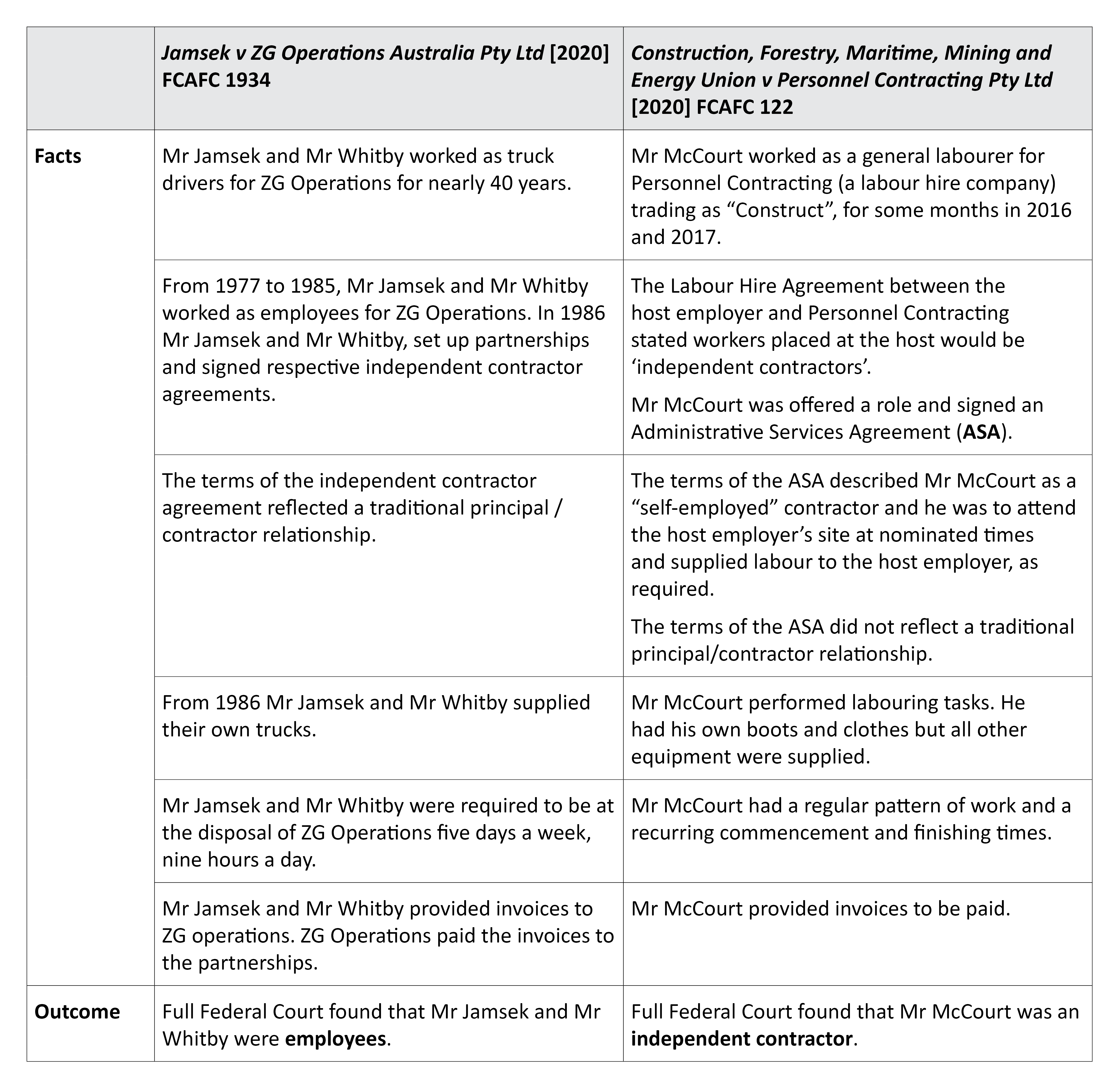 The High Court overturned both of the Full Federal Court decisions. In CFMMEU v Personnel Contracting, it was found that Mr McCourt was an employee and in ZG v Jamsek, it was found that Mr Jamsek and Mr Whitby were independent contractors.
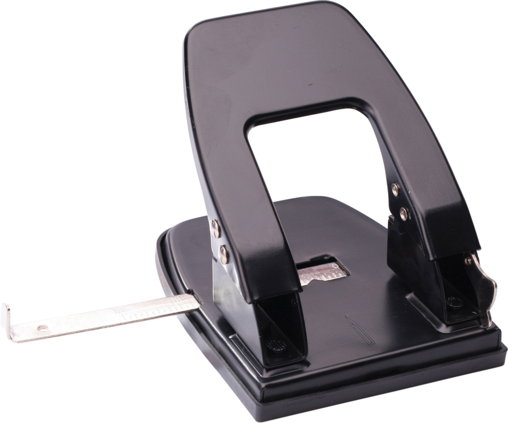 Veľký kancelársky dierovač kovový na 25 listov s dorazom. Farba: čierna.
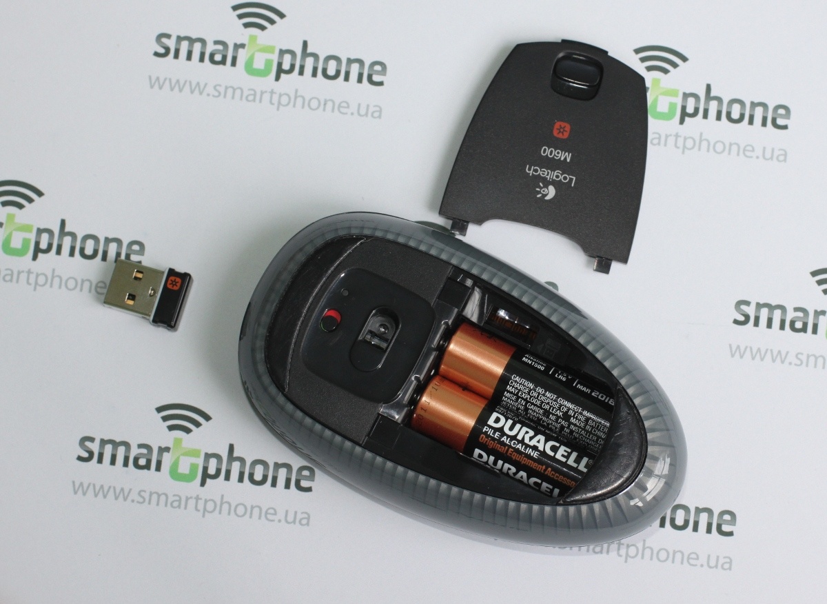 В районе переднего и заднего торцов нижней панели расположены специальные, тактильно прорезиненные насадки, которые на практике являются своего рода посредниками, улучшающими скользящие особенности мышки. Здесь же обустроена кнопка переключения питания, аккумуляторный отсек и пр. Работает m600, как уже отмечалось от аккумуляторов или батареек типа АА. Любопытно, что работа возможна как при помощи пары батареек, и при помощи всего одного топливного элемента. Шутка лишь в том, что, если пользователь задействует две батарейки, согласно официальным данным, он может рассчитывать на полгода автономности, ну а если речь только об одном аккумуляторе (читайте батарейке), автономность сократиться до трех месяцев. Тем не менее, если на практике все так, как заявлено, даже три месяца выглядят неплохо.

▶ Work item
Reproduce word for word the lines from the one containing "Veľký kancelársky dierovač" through the end of the data, both ends kept. Drop the pictures.

▶ Task result
 Veľký kancelársky dierovač kovový na 25 listov s dorazom. Farba: čierna.
 В районе переднего и заднего торцов нижней панели расположены специальные, тактильно прорезиненные насадки, которые на практике являются своего рода посредниками, улучшающими скользящие особенности мышки. Здесь же обустроена кнопка переключения питания, аккумуляторный отсек и пр. Работает m600, как уже отмечалось от аккумуляторов или батареек типа АА. Любопытно, что работа возможна как при помощи пары батареек, и при помощи всего одного топливного элемента. Шутка лишь в том, что, если пользователь задействует две батарейки, согласно официальным данным, он может рассчитывать на полгода автономности, ну а если речь только об одном аккумуляторе (читайте батарейке), автономность сократиться до трех месяцев. Тем не менее, если на практике все так, как заявлено, даже три месяца выглядят неплохо.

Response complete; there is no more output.